Tâches d’optimisation
- Mettre en place des caches locaux
- Configurer ses Retry Policies introduites dans l’API d’accès au Windows Storage proposée dans le projet StorageClient du Windows Azure SDK. A adapter au fil de vos retours d’expérience
- Profiler son code pour économiser les ressources Azure utilisées et donc sa facture au final. Le profiler proposé par Visual Studio peut s’attacher à la Dev Fabric (billet de Régis Mauger sur le sujet).
- Informer de son état de santé pour tirer encore mieux parti de la Fabrique d’Azure.
- Persistance : Adapter le partitionnement de ses tables en fonction de l’évolution du volume de ses données, mais aussi gérer le versionning de ses tables. Enfin, penser à supprimer les messages incorrects pour éviter qu’ils n’engorgent vos queues en les plaçant dans une zone spécifique.
Synthèse des valeurs limites pour le stockage
- Tables
- Partitions : pas de limite durant la preview
- Propriétés de type String, Binary < 64 KB
- Entités moins de 255 propriétés
- Requêtes : Moins de 1000 entités retournées et moins de 4MB et timeout = 60 secondes
- Blobs
- 64 MB
- 50 GB par paquets de 2MB
- Queues
- Pas de limite en terme de nombre de queues
- 8 KB maximum par message
Si la plate-forme de services Azure sera disponible fin 2009, une preview restreinte a débuté fin Octobre 2008. En ce début d’année, faisons un premier bilan et osons quelques pronostics.
Quelle est l’utilisation d’Azure chez Microsoft ?
1. Les équipes R&D sont en train d’étendre plusieurs produits Microsoft par des services en ligne pour proposer des compléments de fonctionnalités tels que la Synchronisation de données, du Collaboratif, et l’accessibilité au système d’informations pour des équipes mobiles et/ou des partenaires… Une version Web de Microsoft Office a déjà été annoncée, d’autres annonces vont suivre selon Bob Muglia…

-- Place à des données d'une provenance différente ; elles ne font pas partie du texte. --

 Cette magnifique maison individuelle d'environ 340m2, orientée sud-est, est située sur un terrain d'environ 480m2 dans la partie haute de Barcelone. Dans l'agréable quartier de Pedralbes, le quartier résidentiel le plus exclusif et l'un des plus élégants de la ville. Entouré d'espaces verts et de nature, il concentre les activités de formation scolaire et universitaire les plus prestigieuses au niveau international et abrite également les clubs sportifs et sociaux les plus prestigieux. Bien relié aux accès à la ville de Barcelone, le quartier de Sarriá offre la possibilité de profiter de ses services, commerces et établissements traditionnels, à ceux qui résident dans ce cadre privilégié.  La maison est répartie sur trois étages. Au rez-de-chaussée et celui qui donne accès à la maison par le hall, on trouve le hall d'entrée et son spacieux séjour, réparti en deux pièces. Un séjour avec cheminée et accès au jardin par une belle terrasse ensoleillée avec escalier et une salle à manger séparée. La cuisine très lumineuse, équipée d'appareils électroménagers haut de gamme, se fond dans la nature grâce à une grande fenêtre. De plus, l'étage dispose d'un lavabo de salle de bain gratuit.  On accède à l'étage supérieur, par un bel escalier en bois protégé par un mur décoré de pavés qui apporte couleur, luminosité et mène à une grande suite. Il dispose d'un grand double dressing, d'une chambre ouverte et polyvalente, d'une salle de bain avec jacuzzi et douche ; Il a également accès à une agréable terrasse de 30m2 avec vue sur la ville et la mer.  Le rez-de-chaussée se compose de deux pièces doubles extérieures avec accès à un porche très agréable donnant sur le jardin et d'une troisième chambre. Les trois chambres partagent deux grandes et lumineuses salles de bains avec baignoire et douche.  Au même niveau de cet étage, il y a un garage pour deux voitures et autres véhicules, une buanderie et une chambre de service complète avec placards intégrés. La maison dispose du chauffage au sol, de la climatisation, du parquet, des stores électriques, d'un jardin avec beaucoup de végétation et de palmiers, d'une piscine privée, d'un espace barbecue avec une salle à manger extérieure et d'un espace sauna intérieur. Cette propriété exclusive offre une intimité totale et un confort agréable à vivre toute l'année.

2. D’autres équipes vont plus loin en étudiant le portage de l’ensemble de leur code sur Azure. Le retour d’expérience de l’équipe Live Meeting est disponible au travers d’une vidéo…

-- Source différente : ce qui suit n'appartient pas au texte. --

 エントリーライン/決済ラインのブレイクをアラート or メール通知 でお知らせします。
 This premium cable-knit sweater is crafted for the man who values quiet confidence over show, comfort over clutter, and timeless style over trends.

Côté Entreprises, quels sont les premiers scénarios candidats ?
Selon Bob Muglia, les entreprises s’intéresseront dans un premier temps à Windows Azure pour leurs développements Web qui ont besoin d’être accessibles sur l’ensemble du globe.
La seconde opportunité concerne les plate-formes de partenariat cross-organisations : Supply Chain, B2B, EDI… où les problématiques d’authentification et de connectivité sont complexes, coûteuses, et longues à mettre en oeuvre. Windows Azure et les .Net Services (Access Control & Connectivity) présentent ici un intérêt évident.
J’ajouterais le scénario “Light Dev”, j’entends par là toutes ces petites applications (de quelques jours à quelques mois de développement, généralement moins de 50 jours). Ces applications sont un casse-tête pour les directions informatiques (“IT Headache”)
- tant sur les aspects maintenance (hétérogénéité des languages, AGL, environnements utilisés)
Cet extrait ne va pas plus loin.